** RECORDS SHOWN **
_____
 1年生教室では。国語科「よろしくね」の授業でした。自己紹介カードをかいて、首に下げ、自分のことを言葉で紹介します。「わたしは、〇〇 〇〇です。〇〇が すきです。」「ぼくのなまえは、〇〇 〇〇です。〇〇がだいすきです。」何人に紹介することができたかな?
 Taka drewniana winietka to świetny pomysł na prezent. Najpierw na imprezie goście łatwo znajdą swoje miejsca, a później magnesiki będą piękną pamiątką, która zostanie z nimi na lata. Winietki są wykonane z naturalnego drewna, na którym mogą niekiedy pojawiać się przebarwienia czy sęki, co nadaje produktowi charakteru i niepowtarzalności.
_____
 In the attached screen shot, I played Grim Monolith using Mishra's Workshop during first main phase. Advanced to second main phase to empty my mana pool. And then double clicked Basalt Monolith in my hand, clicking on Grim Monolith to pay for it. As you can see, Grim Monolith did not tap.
_____
** EXERCISE GOAL **
All lines in the listing above between the line with "〇〇です。〇〇が すきです。」「ぼくのなまえは、〇〇 〇〇です。〇〇がだいすきです。」何人に紹介することができたかな?" and the line with "Taka drewniana winietka", inclusive, should be set down exactly, and no line outside that range.

** ANSWER BOX **
 1年生教室では。国語科「よろしくね」の授業でした。自己紹介カードをかいて、首に下げ、自分のことを言葉で紹介します。「わたしは、〇〇 〇〇です。〇〇が すきです。」「ぼくのなまえは、〇〇 〇〇です。〇〇がだいすきです。」何人に紹介することができたかな?
 Taka drewniana winietka to świetny pomysł na prezent. Najpierw na imprezie goście łatwo znajdą swoje miejsca, a później magnesiki będą piękną pamiątką, która zostanie z nimi na lata. Winietki są wykonane z naturalnego drewna, na którym mogą niekiedy pojawiać się przebarwienia czy sęki, co nadaje produktowi charakteru i niepowtarzalności.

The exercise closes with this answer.